• Task to carry out: Repeat exactly the lines below that lie between the line with "ZIWI Peak Air-Dried" and the line with "現地にあった由緒書き(添付写", counting both of those lines as part of the answer.

Dataset records
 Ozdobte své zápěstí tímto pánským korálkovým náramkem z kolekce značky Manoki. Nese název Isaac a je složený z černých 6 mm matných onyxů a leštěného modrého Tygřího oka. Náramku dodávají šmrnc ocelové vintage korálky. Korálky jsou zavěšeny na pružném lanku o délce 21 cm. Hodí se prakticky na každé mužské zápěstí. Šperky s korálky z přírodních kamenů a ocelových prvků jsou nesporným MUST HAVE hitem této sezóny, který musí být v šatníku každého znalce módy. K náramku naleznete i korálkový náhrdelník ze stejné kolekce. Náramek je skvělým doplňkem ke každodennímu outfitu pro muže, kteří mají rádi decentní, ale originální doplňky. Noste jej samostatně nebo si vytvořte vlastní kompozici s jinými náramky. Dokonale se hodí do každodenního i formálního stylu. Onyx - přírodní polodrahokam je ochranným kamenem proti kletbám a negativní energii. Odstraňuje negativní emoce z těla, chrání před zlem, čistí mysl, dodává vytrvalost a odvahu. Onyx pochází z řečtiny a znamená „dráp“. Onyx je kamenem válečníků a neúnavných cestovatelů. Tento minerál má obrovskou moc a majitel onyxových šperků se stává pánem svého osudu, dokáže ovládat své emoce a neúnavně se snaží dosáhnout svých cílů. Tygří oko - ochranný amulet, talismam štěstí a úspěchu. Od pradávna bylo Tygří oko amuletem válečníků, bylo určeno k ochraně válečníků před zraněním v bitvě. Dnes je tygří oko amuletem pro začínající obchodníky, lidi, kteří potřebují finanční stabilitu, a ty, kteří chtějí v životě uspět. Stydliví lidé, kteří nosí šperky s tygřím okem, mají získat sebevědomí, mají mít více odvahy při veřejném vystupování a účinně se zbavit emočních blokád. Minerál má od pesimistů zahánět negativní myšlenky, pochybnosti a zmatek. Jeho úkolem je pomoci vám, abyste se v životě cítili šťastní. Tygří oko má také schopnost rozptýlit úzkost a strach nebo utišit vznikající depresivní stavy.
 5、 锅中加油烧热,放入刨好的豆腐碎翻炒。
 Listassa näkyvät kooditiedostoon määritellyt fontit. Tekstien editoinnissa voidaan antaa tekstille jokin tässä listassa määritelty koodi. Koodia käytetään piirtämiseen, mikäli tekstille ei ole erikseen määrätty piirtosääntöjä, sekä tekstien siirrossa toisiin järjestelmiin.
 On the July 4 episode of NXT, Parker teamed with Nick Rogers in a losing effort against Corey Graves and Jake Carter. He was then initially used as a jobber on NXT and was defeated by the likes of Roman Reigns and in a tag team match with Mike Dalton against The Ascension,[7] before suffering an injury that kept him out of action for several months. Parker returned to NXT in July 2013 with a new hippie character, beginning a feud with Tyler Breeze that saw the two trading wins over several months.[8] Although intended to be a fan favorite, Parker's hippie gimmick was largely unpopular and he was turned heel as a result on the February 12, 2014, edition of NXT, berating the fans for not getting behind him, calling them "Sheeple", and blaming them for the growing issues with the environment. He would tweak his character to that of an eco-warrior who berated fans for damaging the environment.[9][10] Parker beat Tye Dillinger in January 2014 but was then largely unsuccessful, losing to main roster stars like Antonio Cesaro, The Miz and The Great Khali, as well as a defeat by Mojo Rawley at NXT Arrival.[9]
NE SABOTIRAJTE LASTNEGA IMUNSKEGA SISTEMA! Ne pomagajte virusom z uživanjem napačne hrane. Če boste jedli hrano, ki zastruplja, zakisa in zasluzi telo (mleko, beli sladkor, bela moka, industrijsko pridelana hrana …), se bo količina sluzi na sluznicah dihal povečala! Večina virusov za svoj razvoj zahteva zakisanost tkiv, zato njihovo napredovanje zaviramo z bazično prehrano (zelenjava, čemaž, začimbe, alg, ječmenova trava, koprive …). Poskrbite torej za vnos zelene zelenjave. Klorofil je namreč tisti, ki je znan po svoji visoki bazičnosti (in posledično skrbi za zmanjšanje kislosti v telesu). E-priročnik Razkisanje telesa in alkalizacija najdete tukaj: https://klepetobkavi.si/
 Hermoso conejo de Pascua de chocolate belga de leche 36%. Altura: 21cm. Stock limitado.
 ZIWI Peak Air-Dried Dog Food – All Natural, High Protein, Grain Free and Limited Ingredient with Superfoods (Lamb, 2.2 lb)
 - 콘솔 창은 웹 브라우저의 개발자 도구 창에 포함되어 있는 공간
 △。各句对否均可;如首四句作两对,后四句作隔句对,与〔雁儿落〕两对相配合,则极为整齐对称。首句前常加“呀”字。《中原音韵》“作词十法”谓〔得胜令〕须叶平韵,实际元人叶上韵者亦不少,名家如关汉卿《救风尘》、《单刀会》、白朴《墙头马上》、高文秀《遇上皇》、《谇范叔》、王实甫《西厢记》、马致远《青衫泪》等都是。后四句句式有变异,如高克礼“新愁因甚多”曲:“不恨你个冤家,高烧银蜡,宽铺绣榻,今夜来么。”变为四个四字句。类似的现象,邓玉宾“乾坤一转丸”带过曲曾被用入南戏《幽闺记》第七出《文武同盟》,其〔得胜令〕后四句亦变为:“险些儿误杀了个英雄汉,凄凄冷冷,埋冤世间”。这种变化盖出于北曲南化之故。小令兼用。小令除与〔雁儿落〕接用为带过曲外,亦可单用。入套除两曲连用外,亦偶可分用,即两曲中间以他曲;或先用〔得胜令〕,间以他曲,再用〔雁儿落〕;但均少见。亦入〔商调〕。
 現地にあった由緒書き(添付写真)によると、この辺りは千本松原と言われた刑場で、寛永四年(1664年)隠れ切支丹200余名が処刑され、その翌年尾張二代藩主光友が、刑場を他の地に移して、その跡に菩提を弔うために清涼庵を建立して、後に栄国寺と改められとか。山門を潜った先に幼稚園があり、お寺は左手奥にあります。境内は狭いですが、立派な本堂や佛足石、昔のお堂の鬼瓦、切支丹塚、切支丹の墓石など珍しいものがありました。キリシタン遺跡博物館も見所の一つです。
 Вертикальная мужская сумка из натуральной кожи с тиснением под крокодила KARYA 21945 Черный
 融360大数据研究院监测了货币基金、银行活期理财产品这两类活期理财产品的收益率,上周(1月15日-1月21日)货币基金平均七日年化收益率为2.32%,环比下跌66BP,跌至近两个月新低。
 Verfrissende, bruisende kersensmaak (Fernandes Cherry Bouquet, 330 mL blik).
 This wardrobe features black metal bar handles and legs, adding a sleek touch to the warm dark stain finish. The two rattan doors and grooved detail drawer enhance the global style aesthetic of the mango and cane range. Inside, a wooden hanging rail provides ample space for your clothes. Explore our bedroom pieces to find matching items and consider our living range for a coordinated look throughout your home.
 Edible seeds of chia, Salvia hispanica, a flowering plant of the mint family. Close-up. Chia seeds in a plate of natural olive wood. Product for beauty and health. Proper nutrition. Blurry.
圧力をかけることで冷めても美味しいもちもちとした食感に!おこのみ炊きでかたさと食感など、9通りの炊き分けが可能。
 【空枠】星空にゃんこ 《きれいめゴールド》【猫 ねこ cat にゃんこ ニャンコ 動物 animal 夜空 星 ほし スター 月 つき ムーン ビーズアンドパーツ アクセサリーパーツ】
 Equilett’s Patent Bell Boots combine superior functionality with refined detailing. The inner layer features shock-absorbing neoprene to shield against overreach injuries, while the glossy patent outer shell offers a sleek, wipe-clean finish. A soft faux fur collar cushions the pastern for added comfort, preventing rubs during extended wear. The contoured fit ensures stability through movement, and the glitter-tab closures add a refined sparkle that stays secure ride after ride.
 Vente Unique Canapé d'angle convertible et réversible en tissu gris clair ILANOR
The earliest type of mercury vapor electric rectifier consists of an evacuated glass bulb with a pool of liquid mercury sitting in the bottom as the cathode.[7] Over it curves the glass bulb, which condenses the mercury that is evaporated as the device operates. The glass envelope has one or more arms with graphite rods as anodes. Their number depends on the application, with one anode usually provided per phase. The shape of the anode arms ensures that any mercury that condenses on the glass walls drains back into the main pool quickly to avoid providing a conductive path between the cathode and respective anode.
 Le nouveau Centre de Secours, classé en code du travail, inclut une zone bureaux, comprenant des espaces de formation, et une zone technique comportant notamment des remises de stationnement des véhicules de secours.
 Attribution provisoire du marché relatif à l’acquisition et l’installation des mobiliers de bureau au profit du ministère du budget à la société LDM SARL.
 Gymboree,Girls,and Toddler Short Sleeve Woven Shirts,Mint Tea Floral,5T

• Finished task:
 ZIWI Peak Air-Dried Dog Food – All Natural, High Protein, Grain Free and Limited Ingredient with Superfoods (Lamb, 2.2 lb)
 - 콘솔 창은 웹 브라우저의 개발자 도구 창에 포함되어 있는 공간
 △。各句对否均可;如首四句作两对,后四句作隔句对,与〔雁儿落〕两对相配合,则极为整齐对称。首句前常加“呀”字。《中原音韵》“作词十法”谓〔得胜令〕须叶平韵,实际元人叶上韵者亦不少,名家如关汉卿《救风尘》、《单刀会》、白朴《墙头马上》、高文秀《遇上皇》、《谇范叔》、王实甫《西厢记》、马致远《青衫泪》等都是。后四句句式有变异,如高克礼“新愁因甚多”曲:“不恨你个冤家,高烧银蜡,宽铺绣榻,今夜来么。”变为四个四字句。类似的现象,邓玉宾“乾坤一转丸”带过曲曾被用入南戏《幽闺记》第七出《文武同盟》,其〔得胜令〕后四句亦变为:“险些儿误杀了个英雄汉,凄凄冷冷,埋冤世间”。这种变化盖出于北曲南化之故。小令兼用。小令除与〔雁儿落〕接用为带过曲外,亦可单用。入套除两曲连用外,亦偶可分用,即两曲中间以他曲;或先用〔得胜令〕,间以他曲,再用〔雁儿落〕;但均少见。亦入〔商调〕。
 現地にあった由緒書き(添付写真)によると、この辺りは千本松原と言われた刑場で、寛永四年(1664年)隠れ切支丹200余名が処刑され、その翌年尾張二代藩主光友が、刑場を他の地に移して、その跡に菩提を弔うために清涼庵を建立して、後に栄国寺と改められとか。山門を潜った先に幼稚園があり、お寺は左手奥にあります。境内は狭いですが、立派な本堂や佛足石、昔のお堂の鬼瓦、切支丹塚、切支丹の墓石など珍しいものがありました。キリシタン遺跡博物館も見所の一つです。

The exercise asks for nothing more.